**Exercise details:** Print word for word whatever lies between the first line of the material and the line holding "U100梅心棒棒糖84g原味/黑糖味 糖与话梅结合酸甜不腻很是刺激 064456/064457", both included, and omit all pictures.

══════

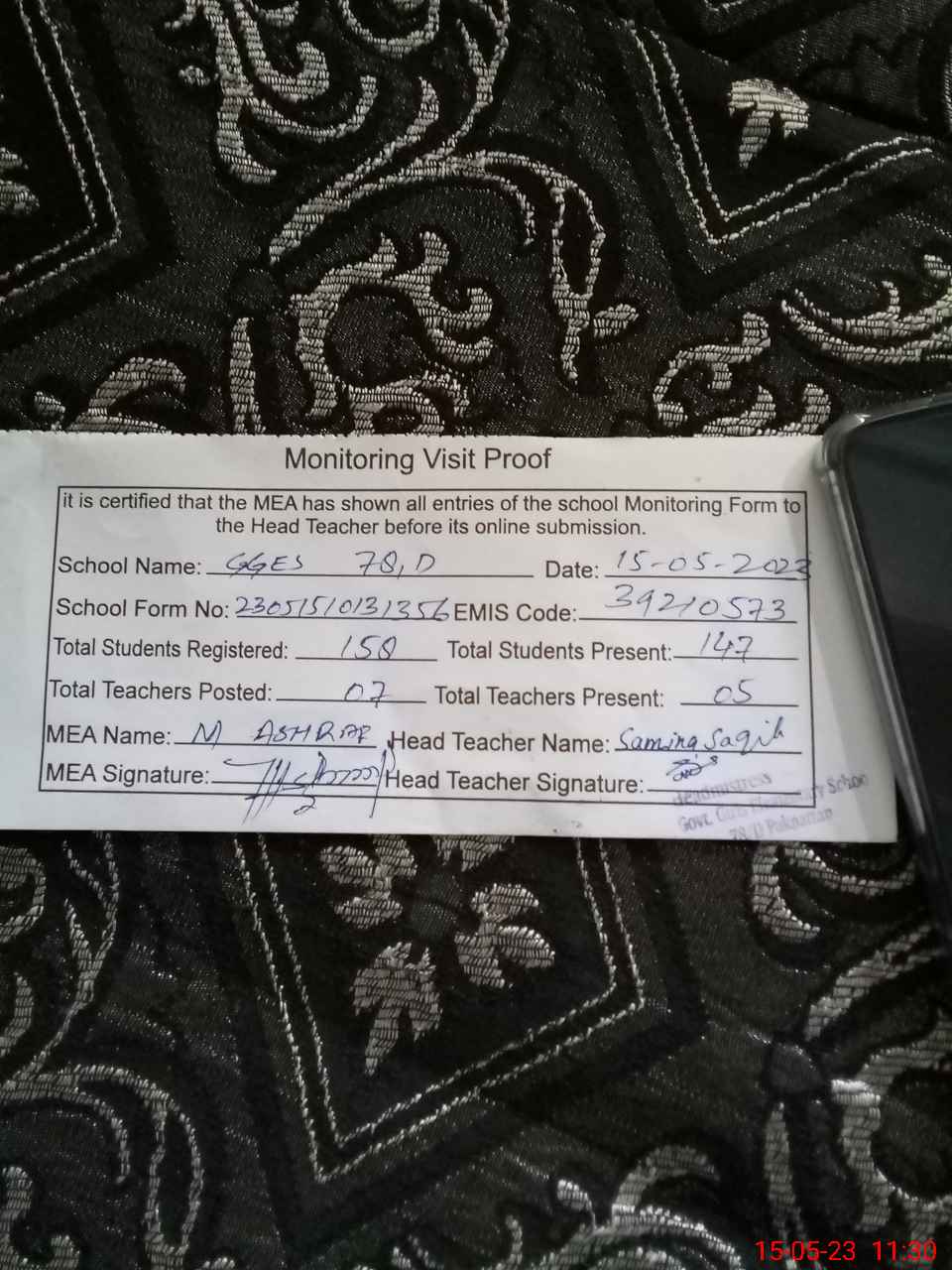 | EMIS Code: 39210573 | Name of School: GGES CHAK NO. 78/D | |||
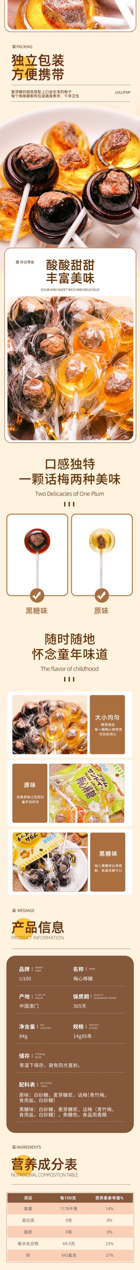 U100梅心棒棒糖84g原味/黑糖味 糖与话梅结合酸甜不腻很是刺激 064456/064457
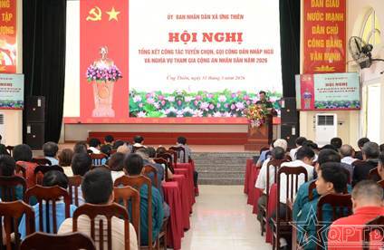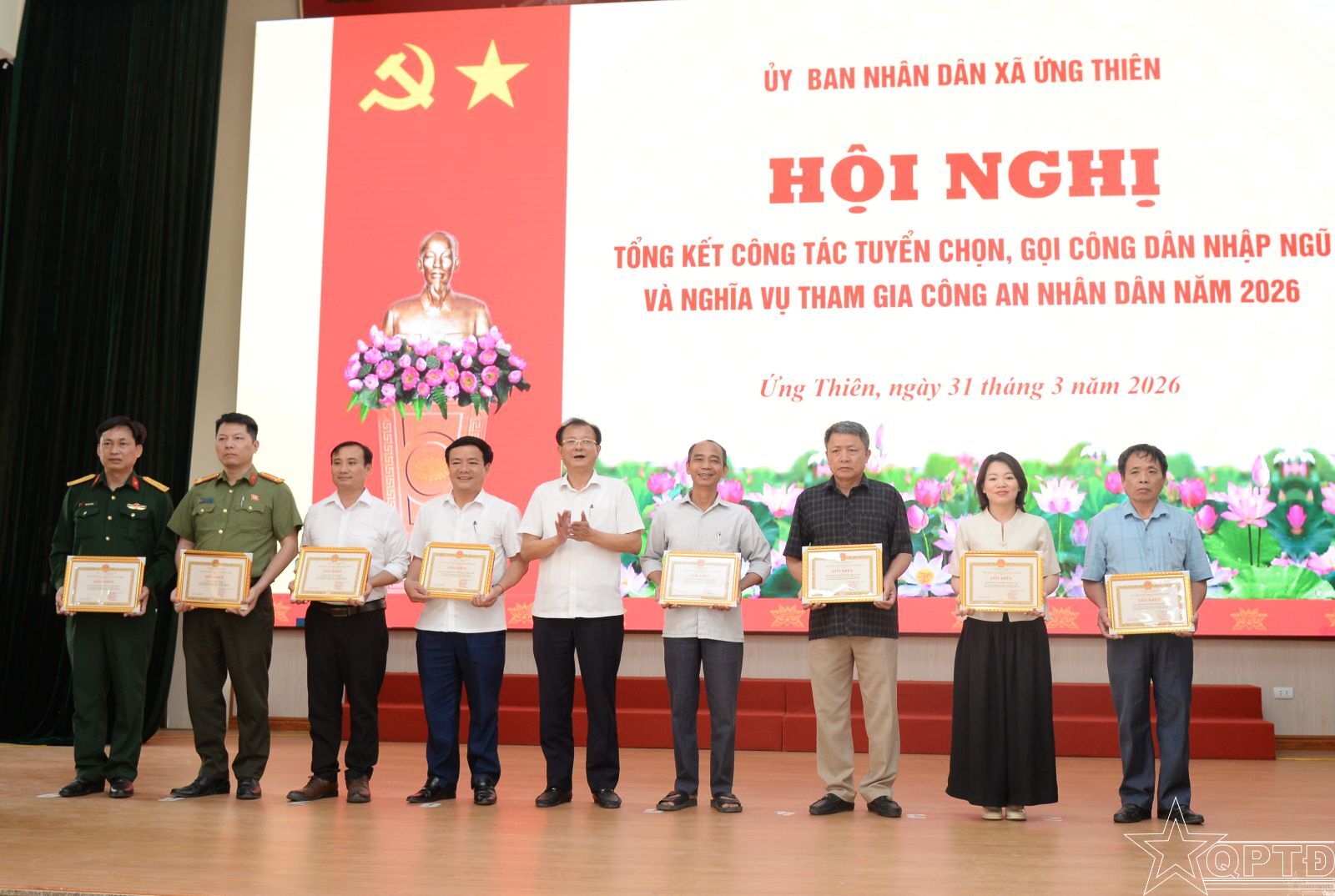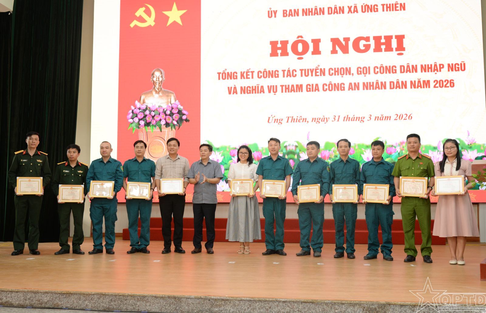 QPTĐ-Chiều ngày 31-3, xã Ứng Thiên (thành phố Hà Nội) tổ chức Hội nghị tổng kết công tác tuyển chọn, gọi công dân nhập ngũ và thực hiện nghĩa vụ tham gia Công an nhân dân năm 2026; công tác giáo dục quốc phòng – an ninh; công tác phòng không nhân dân năm 2025, đồng thời đề ra phương hướng, nhiệm vụ năm 2026.
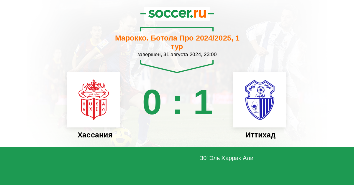 30' (0:1) Эль Харрак Али (30)
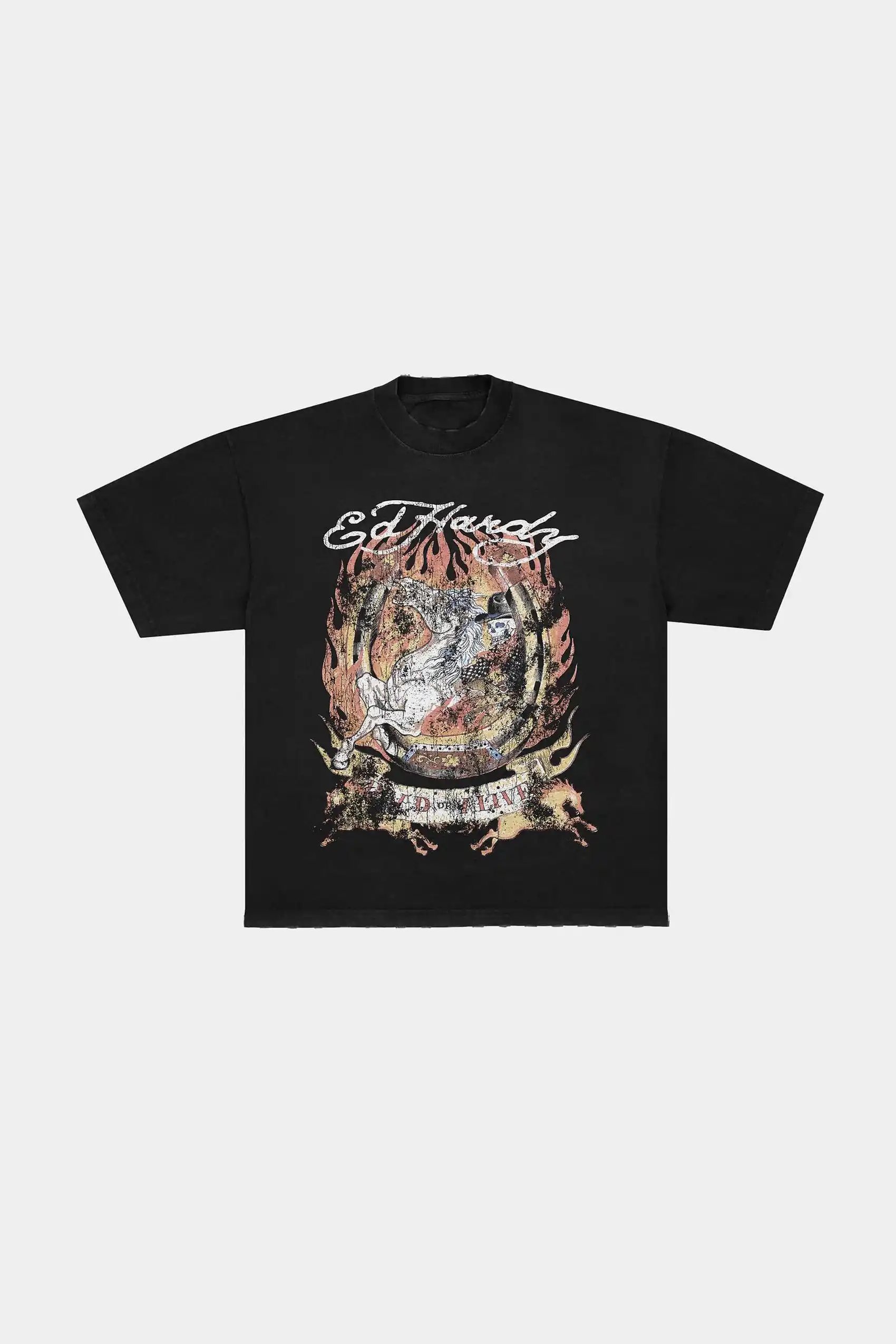 O gráfico traz um esqueleto montado em um cavalo envolto em chamas, acompanhado da frase “Dead Or Alive”, enquanto o logo Ed Hardy aparece acima da estampa, selando a identidade da collab. A base preta intensifica o contraste e o peso visual da peça.
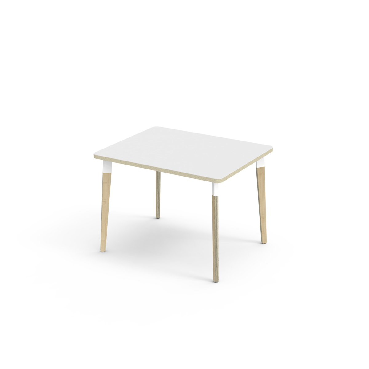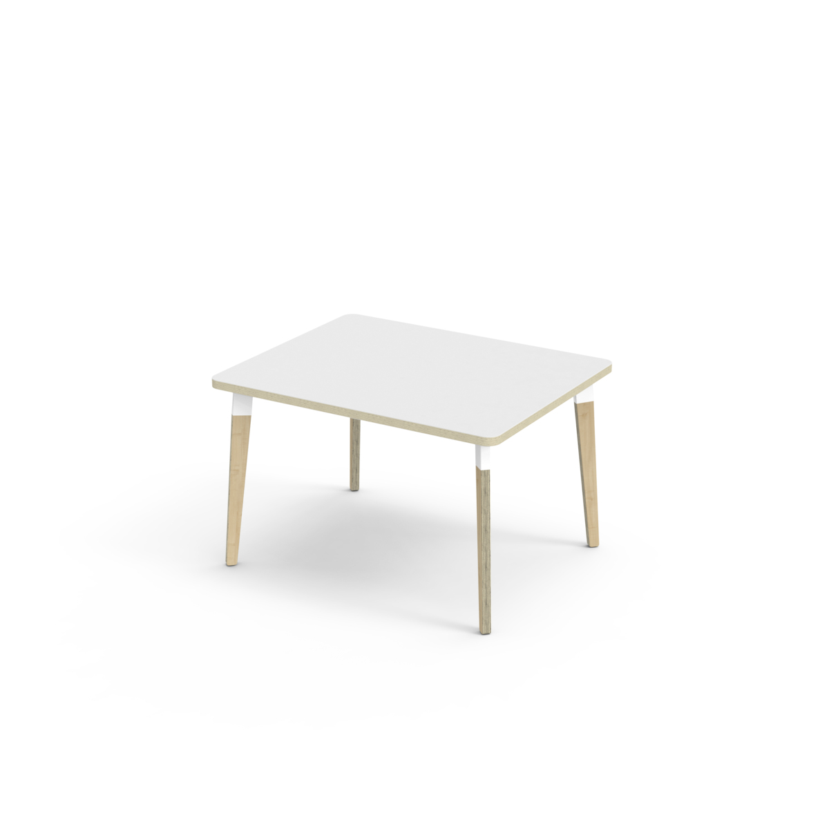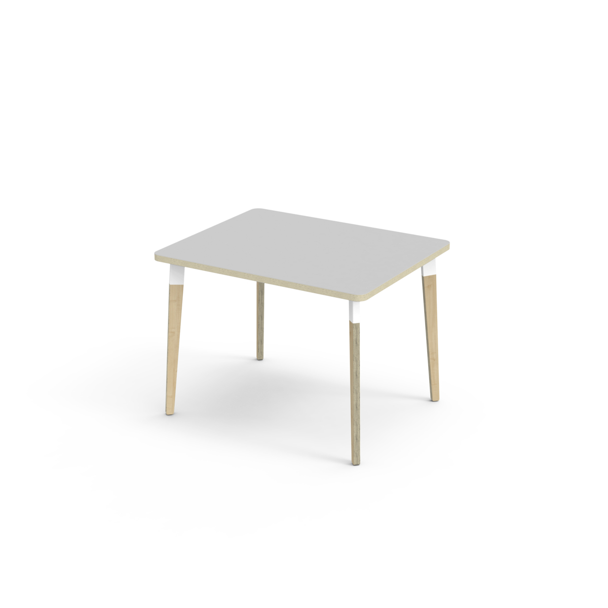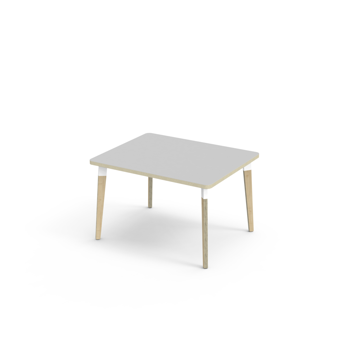 Bordplate belagt med høytrykkslaminat som gir en slitesterk overflate. Bordet har en hjørneradius på 40 mm og har et moderne og stilrent design. Bena har en rektangulær form og er laget av klarlakkert bjørkekryssfiner montert i en robust, hvit metallmansjett. Denne konstruksjonen sikrer både stabilitet og holdbarhet. Bena er lett vinklet mot hjørnene av bordplaten, noe som gir bordet et unikt og estetisk tiltalende utseende. Monteringen er enkel og lett - du trenger bare å feste metallhylsene til festepunktene i bordplaten.
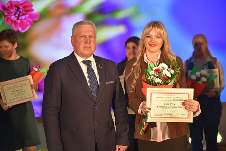 Не остался в стороне и профсоюз работников образования и науки. Председатель Глубокской районной организации Наталья Войтюль поблагодарила педагогов за их профессионализм и вручила Грамоты Витебского областного комитета и Глубокского районного комитета Белорусского профессионального союза работников образования и науки.

══════

**Solution to this task:**
 | EMIS Code: 39210573 | Name of School: GGES CHAK NO. 78/D | |||
 U100梅心棒棒糖84g原味/黑糖味 糖与话梅结合酸甜不腻很是刺激 064456/064457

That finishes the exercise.